ペコリーノ・ロマーノ - チーズの名称【チーズ辞典】:チーズクラブ

ペコリーノ・ロマーノ

チーズの名称では、いろいろなチーズの原産国や特徴、食べ方などを紹介しています。

ペコリーノ・ロマーノ

その他の表記・呼ばれ方
  •  ペコリーノ・ロマノ
  •  ペコリーノ
  •  ペコリーノロマーノ

英語・仏語表記:Pecorino Romano

種類:ハードタイプ

乳種:羊乳


ペコリーノ・ロマーノとは

ペコリーノ・ロマーノは、羊のミルクを原料とした、イタリア最古と言われるチーズです。雌羊のことをイタリア語で「ペコーラ」というところから、この名前がつきました。
2000年以上前のローマ帝国の時代から食べられてきたと言われている、長い長い歴史のあるチーズです。当時、保存目的で作られていたという理由から、塩分が強めなのが特徴です。そのまま食べるにはしょっぱいと感じるでしょう。羊のミルク独特の甘い香りがし、色は白っぽく、非常に硬質なハードタイプのチーズです。
同じペコリーノの名前でも、トスカーナ地方などで作られているペコリーノ・トスカーノは、ペコリーノ・ロマーノほどの塩気はなくマイルドな味わいで、そのまま食べられていることもあります。

チーズの歴史 ヨーロッパ編


ペコリーノ・ロマーノの製法

ミルクを温めて乳酸菌、レンネット(凝乳酵素)を加えると、カゼイン(主な乳たんぱく質)が凝固します。その凝固したもの(凝乳)からホエイ(乳清)を除去したものを、カードといいます。そのカードをさらに粉砕・攪拌・加熱して、水分を取り除き型に詰めます。その後、数ヶ月から1年ほどの長期間に渡って熟成させます。
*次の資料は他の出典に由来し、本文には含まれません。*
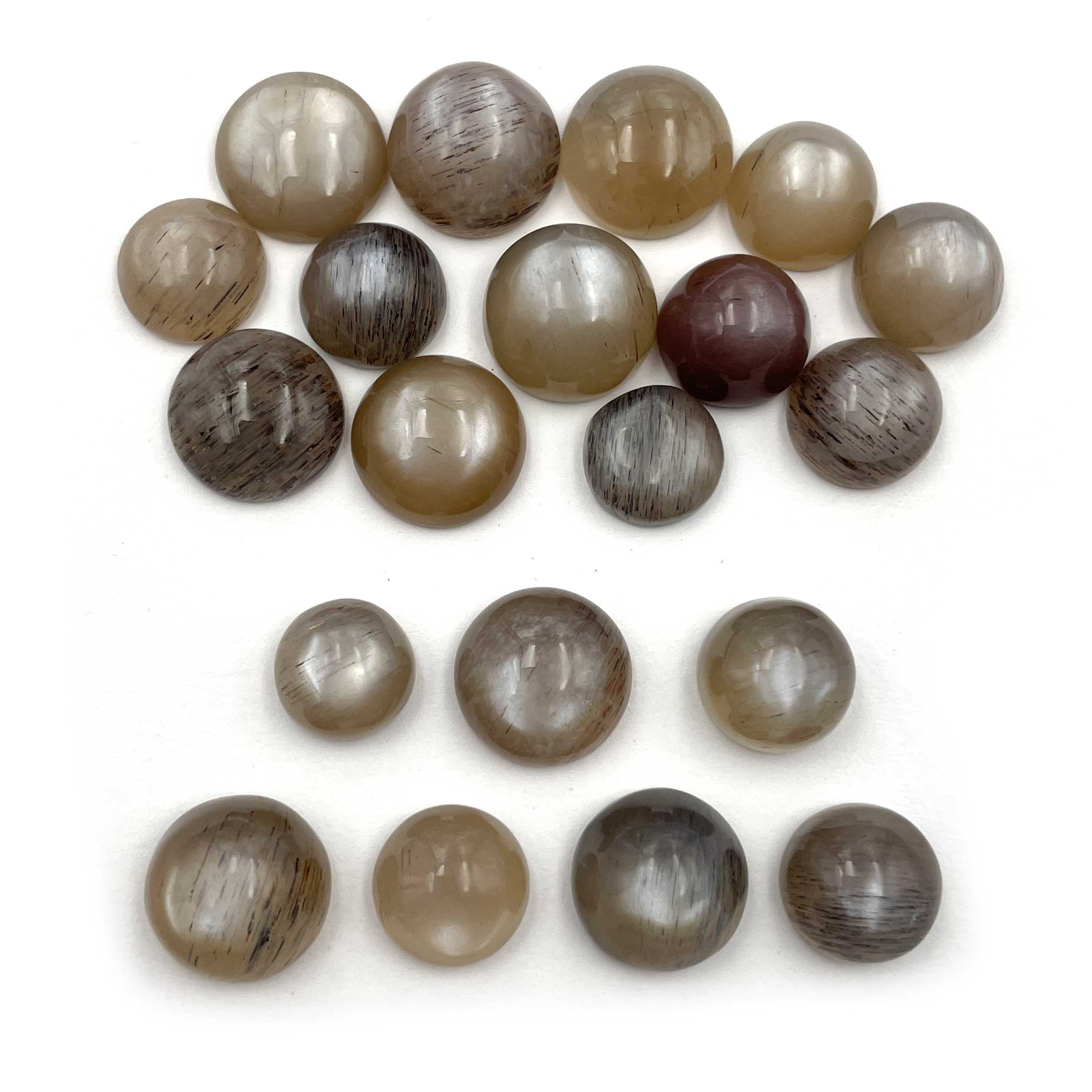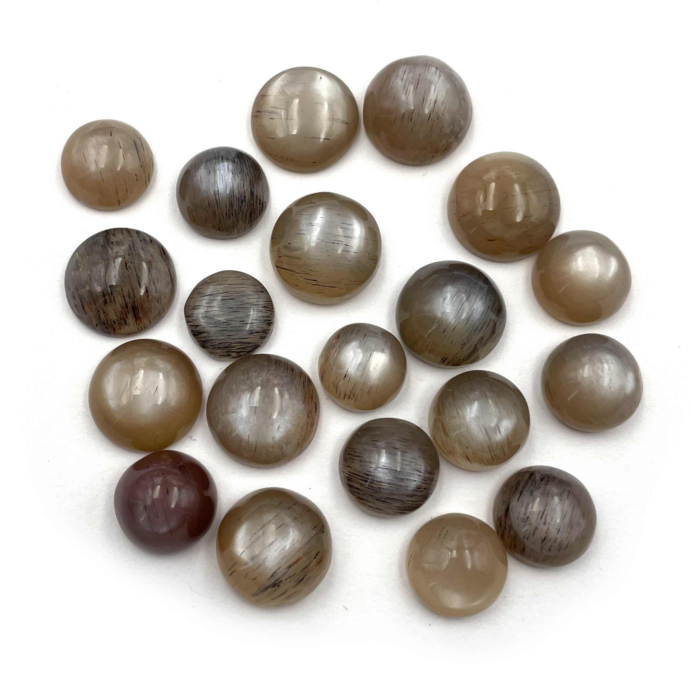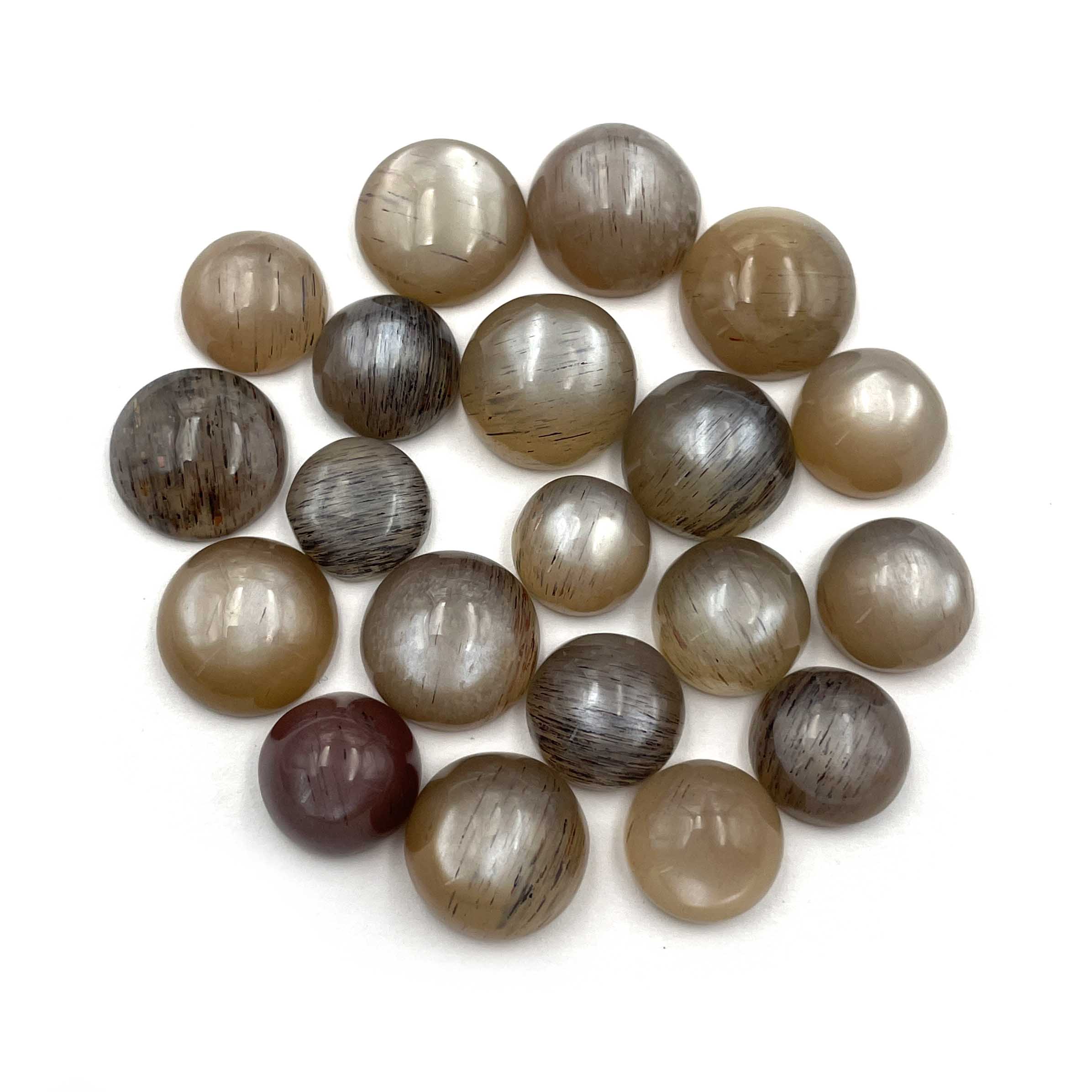 Natural Gray Moonstone Round Cabochon Loose Gemstone Lot 20 Pcs 11-14 MM 164 CT
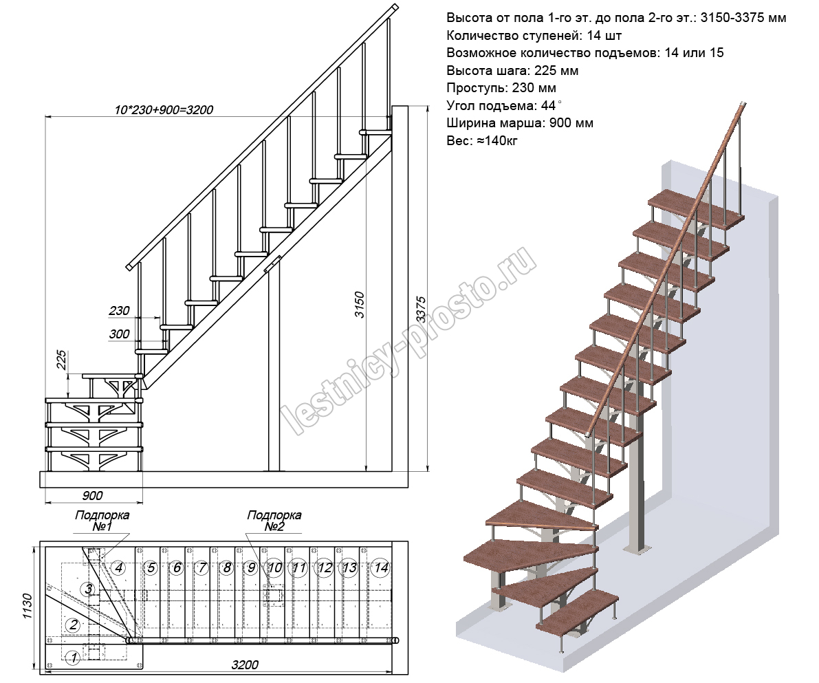 Стоимость указана для металлического каркаса и ступеней. Ограждение можно выбрать отдельно
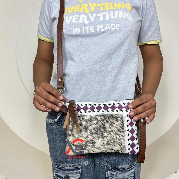 Hand Tooled Cowhide Checkered Fashionable Crossbody Bag
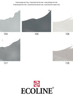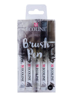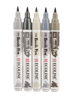 This set contains 5 Ecoline Brush pens in vivid grey shades. The Brush Pen is characterized by its flexible tip and extensive range of brilliant colours thanks to its pure, dye-based formula. The transparent colours...
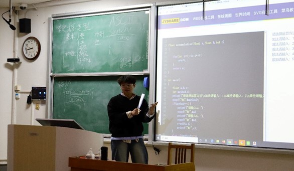 然后,陈宇航通过板书与电脑实操相结合的方式,细致讲解C语言中的if语句和循环语句,同学们认真听讲,记录笔记,并且频繁互动,学习氛围浓厚。
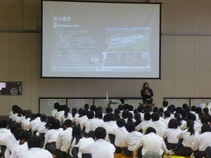 2年生が、いなべ市をはじめ国内外に工場等を展開されている『株式会社 フジ技研』様から役員の方をお招(まね)きして職業講演会を行いました。
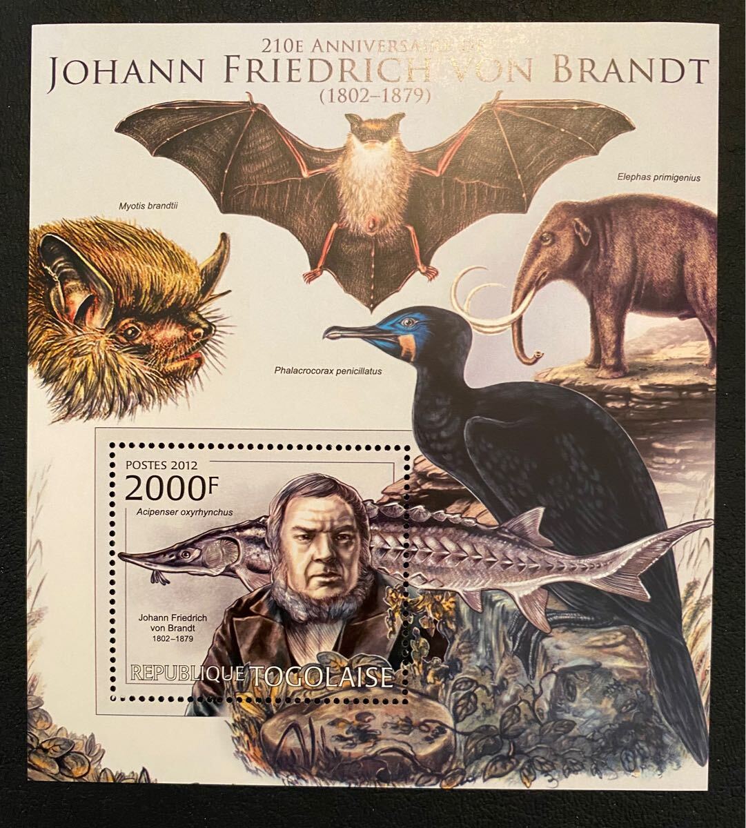 - トーゴ ヨハン・フリードリヒ・フォン・ブラント 博物学者 コウモリ マンモス ウミガラス チョウザメ 小型シート1種 未使用 NH
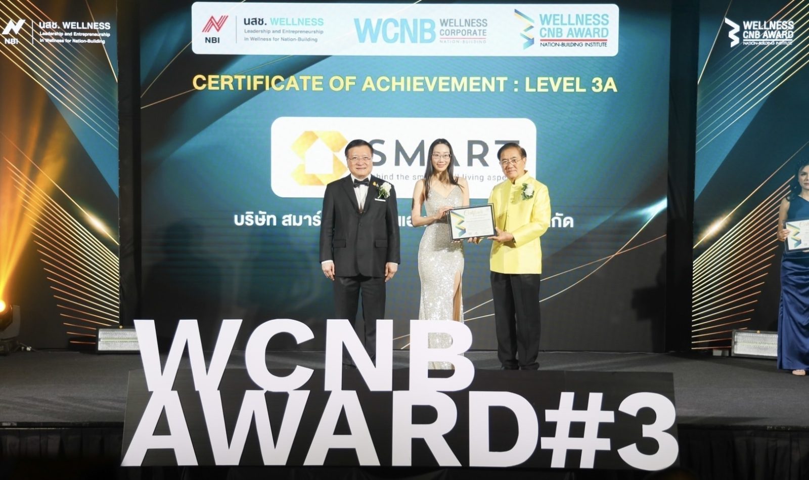 บริษัท สมาร์ท เซอร์วิส แอนด์ แมเนจเม้นท์ จำกัด ผู้นำด้านการบริหารนิติบุคคลในประเทศไทย ที่มีประสบการณ์มากว่า 27 ปี นำโดย นางสาวสปัญญ์ ปาลีวงศ์ (กลาง) ผู้อำนวยการฝ่ายพัฒนาธุรกิจ บริษัท สมาร์ท เซอร์วิส แอนด์ แมเนจเม้นท์ จำกัด ตอกย้ำความเป็นผู้นำ ด้วยการคว้ารางวัล “องค์กรที่มีสุขสภาพ Wellness ระดับ Achievement 3A” จากสถาบันการสร้างชาติในโครงการ “การพัฒนาสุขสภาพขององค์กรเพื่อการสร้างชาติ Wellness Corporate Nation-Building (Wellness CNB) รุ่นที่ 3” โดยมี ศ. เกียรติคุณ นพ.รัชตะ รัชตะนาวิน อดีตรัฐมนตรีว่าการกระทรวงสาธารณสุข (ขวา) และ ศ.ดร.เกรียงศักดิ์ เจริญวงค์ศักดิ์ (ซ้าย) ประธานสถาบันการสร้างชาติ (ซ้าย) ให้เกียรติเป็นประธานในการมอบรางวัล
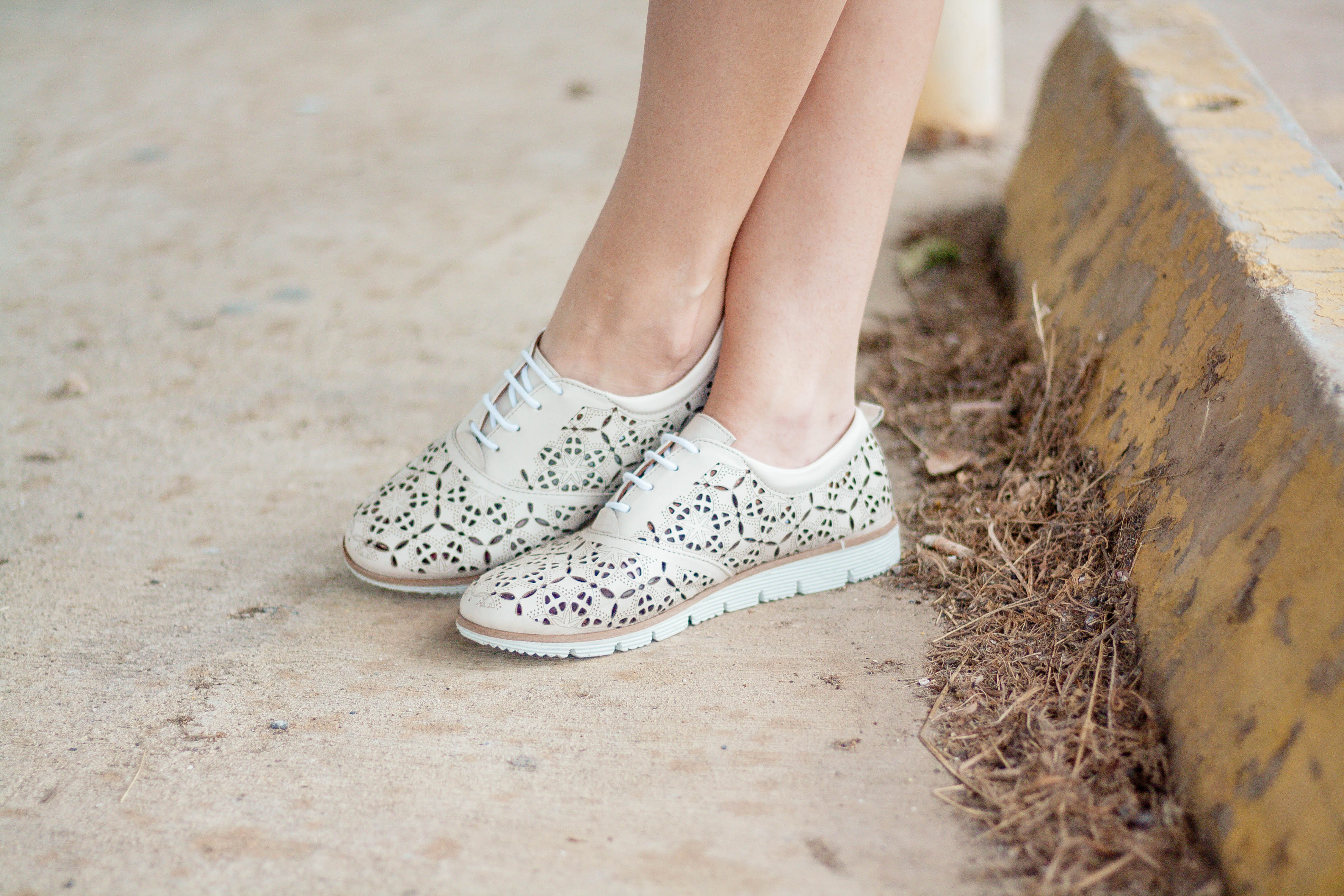 Let’s first talk about these adorable shoes from European Famous Brands. They possess a distinct versatility that is difficult to find in shoes. On one hand, the delicate design cut into the beige leather makes the shoes a statement piece for any casual outfit. And on the other, the soft, neutral colors the shoes are available in (beige, brown, and white) give them advanced subtly. The cut design goes all the way through the leather, making them breathable so they’re easy to wear in warmer weather. I simply can’t get enough of how comfy they are to wear.
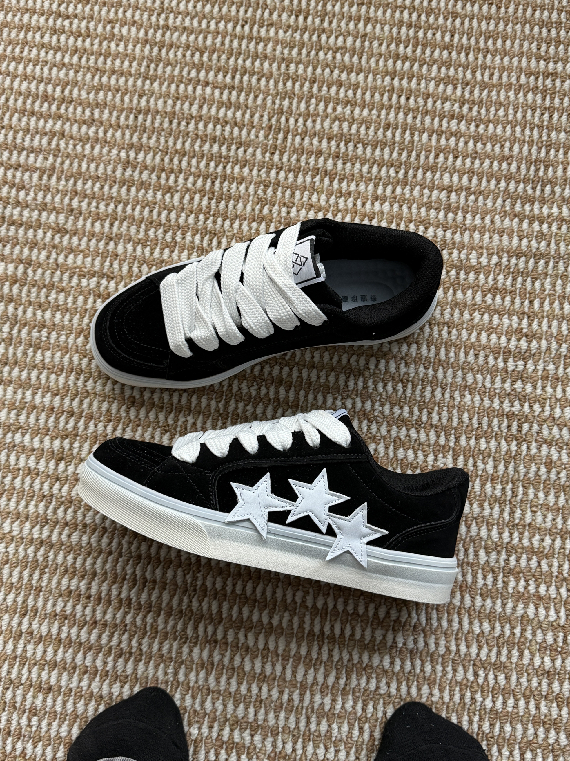 被这双星星板鞋狠狠拿捏了!黑白配色怎么搭都不踩雷,立体星星的装饰让鞋子超吸睛,脚感也软软的,日常出街穿太香了~
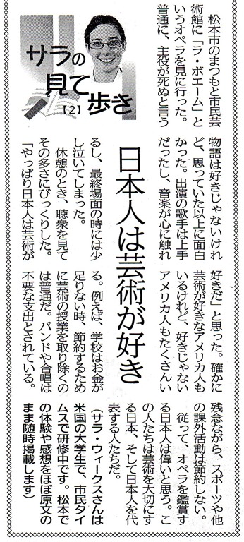 今日、知り合いの方から「新聞に載ってたましたよ!」と、私の見落としていました記事を持って来て下さいました。その記事を読んであまりに、嬉しいことを書いていただいていましたので、投稿します。
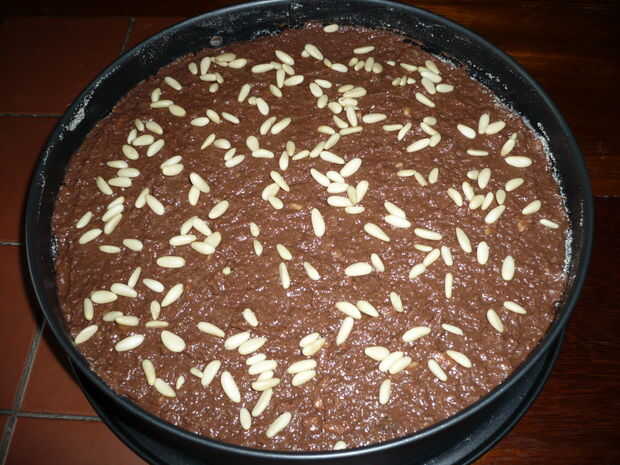 Verter la mezcla, decorar con un poco de piñones y hornear a 180 ° durante 45 minutos. comprobar con un palillo que el bizcocho no es demasiado húmedo. Déjelo enfriar y regalar esta delicia a su paladar.
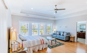 There are 5 bedrooms total, each floor having a master bedroom. The living room and the sunroom both have sleeper sofa's and there's also a sleeper sofa in the 1st floor master for those guests that may want to keep their small children nearby.
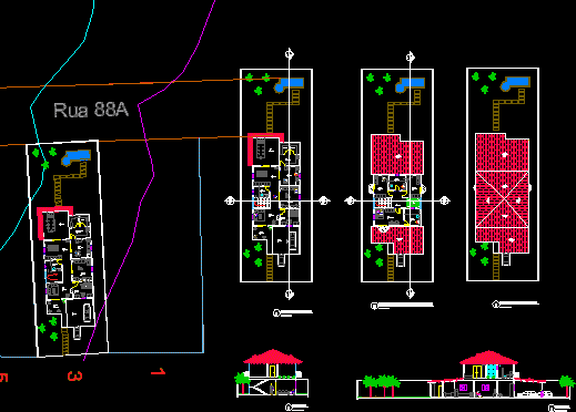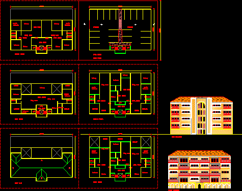 Çok aile konut-tesisi - yükseklik Çok aile konut üç düzeyleri - bölümler |
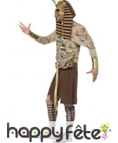 Le film " La Momie" nous a tous plongé dans un monde où légende et imagination se mêlent à la perfection. Toutes ces momies reviendront nous hanter la nuit d'Halloween avec ce déguisement de zombie pharaon très réaliste. Il est formé d'une tunique à manches longues de couleur marron muni de bracelets dorés, ceinturée à la taille par un ruban couleur or, et pourvu d'une coiffe de pharaon avec une tête de mort couvrant le visage. Le buste affiche une illustration de cage thoracique ensevelie tant bien que mal par les bandelettes de papyrus. Des spartiates montantes seront les chaussures les mieux appropriées à cette tenue, mais de simple sandales en cuir feront également très bien l’affaire. Il est disponible en tailles M (correspondant à poitrine de 96 - 101, entrejambe de 83 cm) et L (correspondant à poitrine de 106 - 110 cm et entrejambe 83,8 cm). Nettoyage à sec uniquement.
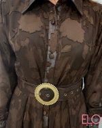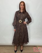 Vestido camisero largo de color marrón.
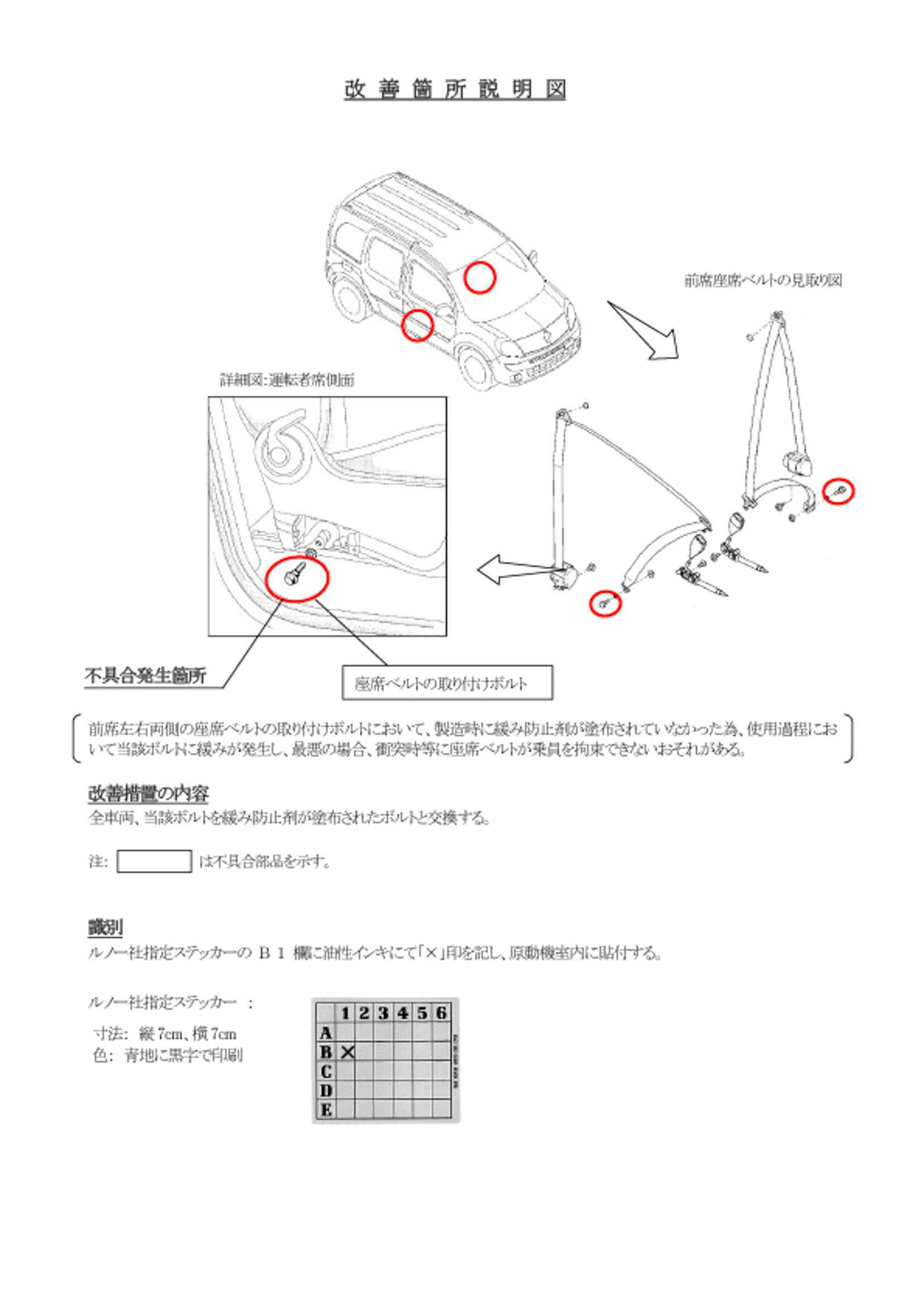 不具合の部位(部品名) | 座席ベルト(取り付けボルト) |
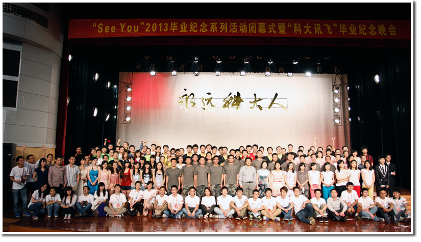 6月9日晚,主题为“永远科大人”的“See You”2013毕业纪念系列活动闭幕式暨“科大讯飞”毕业纪念晚会在东区大礼堂隆重举行。校党委副书记鹿明,机关有关部门负责人、各院系学工负责人和分团委团总支老师来到了晚会现场,与我校2013届毕业生共抒毕业情怀。

保存食として作られていた時代の製法を受け継いでいるため、塩をたっぷりとすりこんで熟成させます。


ペコリーノ・ロマーノの産地

イタリア ローマ、サルデーニャ

チーズで世界旅行 イタリア


ペコリーノ・ロマーノの食べ方

ペコリーノ・ロマーノは塩味が効いているので、調味料として料理に使うのに向いています。すりおろしたり細かく刻んだりしてパスタなどのイタリア料理に使うと、羊のミルクを原料としたチーズの持つ本来のうまみが引き立ちます。そのまま食べるなら日本酒などと合わせるのも良いでしょう。

保存方法
チーズタイプ別保存方法
チーズの切り方のコツ
チーズのタイプ別おすすめワイン
おいしくチーズをいただくには ハードタイプ
タイプ別おすすめのパン

<おすすめワイン>

チーズのタイプ 相性のよいワインのタイプ
硬質 ・辛口の白ワイン
超硬質 ・コクのある赤ワイン

チーズコラム

初夏に味わう羊のチーズ

ペコリーノ・ロマーノ

イタリア語で雌羊のことをペコーラ。ペコリーノとは、羊のミルクで作るチーズのことをいう。羊乳チーズというとフランスのロックフォールが有名だが、このペコリーノ・ロマーノもイタリアを代表するチーズのひとつだ。色白の肌を持ち、中はうっすらとした黄色。一見都会的な風貌だが、2000年以上昔すでにローマ軍兵士の携行用食糧にもなっていたというから、歴史ある偉大なチーズなのである。直径20、30cmの円筒形でけっこう大型。外皮には名前が刻印されているのでわかりやすい。携行食になるだけあって塩味が強いが、口に含むほどに熟成の旨みが広がりあとをひく。イタリアでは粉にして調味料的に利用することが多いという。ローマ近郊の村では初夏になると生のそら豆と共に食べる習慣があるとか。ここでは茹でたえんどう豆にチーズを削って乗せてみた。ワインと一緒に楽しめる。